I do quite a lot of metal cutting. All as mentioned above: 3 in 1 for most things, way oil for ways (google 'Way Oil"!) and CT-90 for cutting, whether lathe, miller or taps/dies.

WD40 isn't really a lubricant but a penetrating agent (and not the best). But as said, better than nothing.

Keith


----------



## martinka (19 Feb 2016)

On impulse, I bought some Clarke cutting oil from Machine Mart and was surprised what a difference it makes. About £8 for a litre, though that was a year back.


----------



## pcb1962 (19 Feb 2016)

MusicMan":1g40yu9c said:


> WD40 isn't really a lubricant but a penetrating agent (and not the best). But as said, better than nothing.

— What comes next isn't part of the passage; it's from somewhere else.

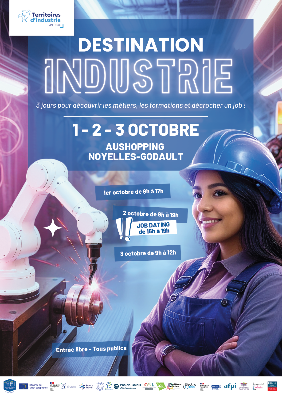 Durant 3 jours, Territoires d'industrie Lens-Hénin vous invite à découvrir les métiers et les formations dans l'industrie dans votre centre Aushopping Noyelles-Godault. Vous pourrez également tenter de décrocher un job durant le job dating le jeudi 2 octobre de 16h à 19h.
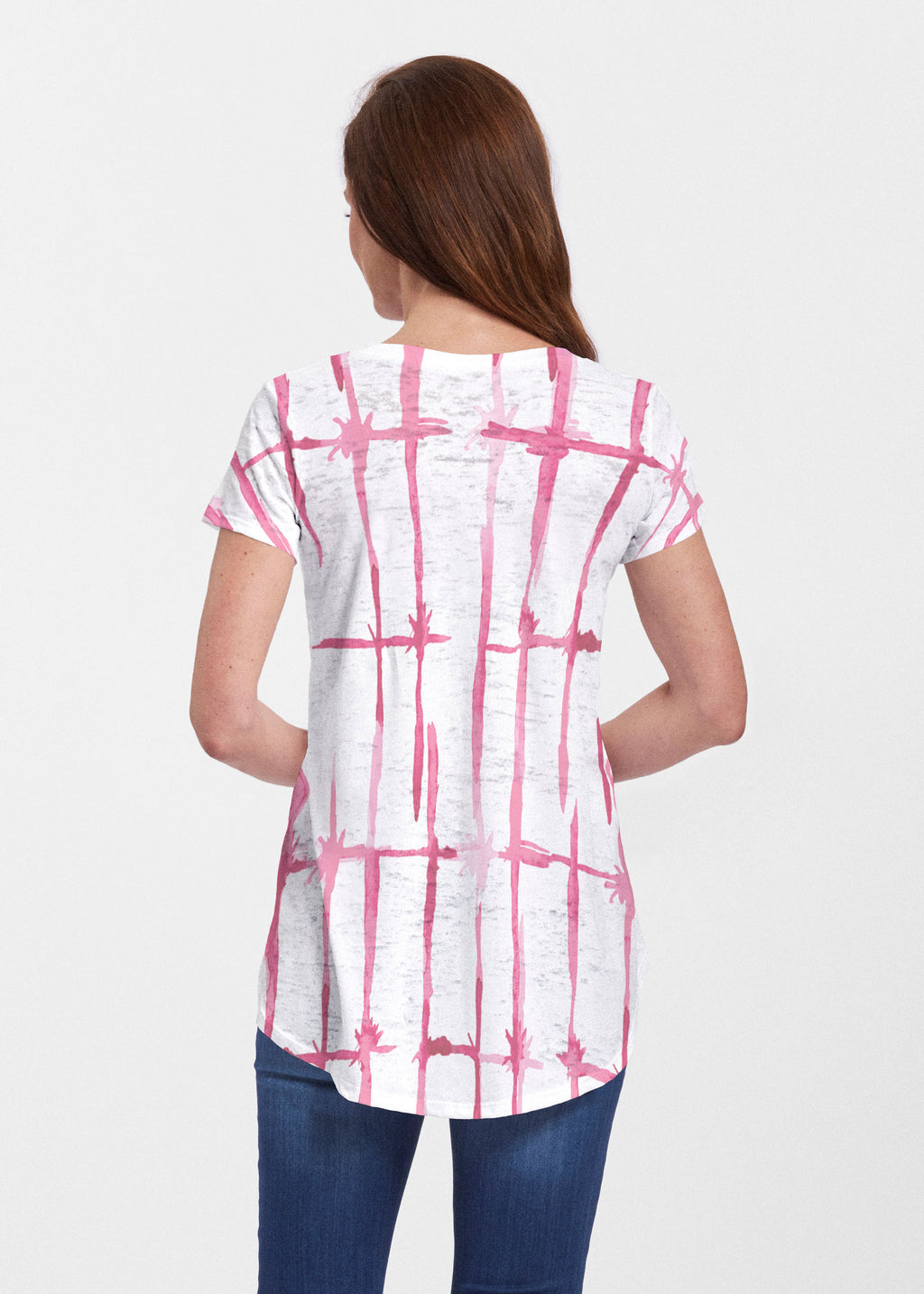 An effortlessly flattering tunic in our soft Signature burnout fabric featuring short sleeves and a scoop neck with a body that flows into a full, swinging shirttail hem.

WD40 or Paraffin are the usual lubricants of choice for machining aluminium.


----------



## woodpig (20 Feb 2016)

I use Trefolex or similar for taps and dies and suds for turning.


----------



## kinsella (21 Feb 2016)

martinka":uiafq3lr said:


> On impulse, I bought some Clarke cutting oil from Machine Mart and was surprised what a difference it makes. About £8 for a litre, though that was a year back.


good point, didn't think of MachineMart as there is one close by. Will get their cutting oil.


----------



## RogerP (21 Feb 2016)

MusicMan":3ny2pj5d said:


> I do quite a lot of metal cutting. All as mentioned above: 3 in 1 for most things, way oil for ways (google 'Way Oil"!) and CT-90 for cutting, whether lathe, miller or taps/dies.
> 
> WD40 isn't really a lubricant but a penetrating agent (and not the best). But as said, better than nothing.
> 
> Keith


 WD-40 was actually first developed as a water displacement liquid (WD40 stands for Water Displacement perfected on the 40th try) but has, of course, since found a zillion other uses.


----------



## chipmunk (22 Feb 2016)

If you prefer smaller quantities than 5L then ArcEuro sell Rock Oils which cover the same range of applications.

http://www.arceurotrade.co.uk/Catalogue/Protection-Grease-Adhesives/Rock-Oil-Lubricants

...but there's a premium to pay. 
Cutting oil is about 5x price and ISO-68 is around 2.5x price of the links I provided earlier.

HTH
Jon


----------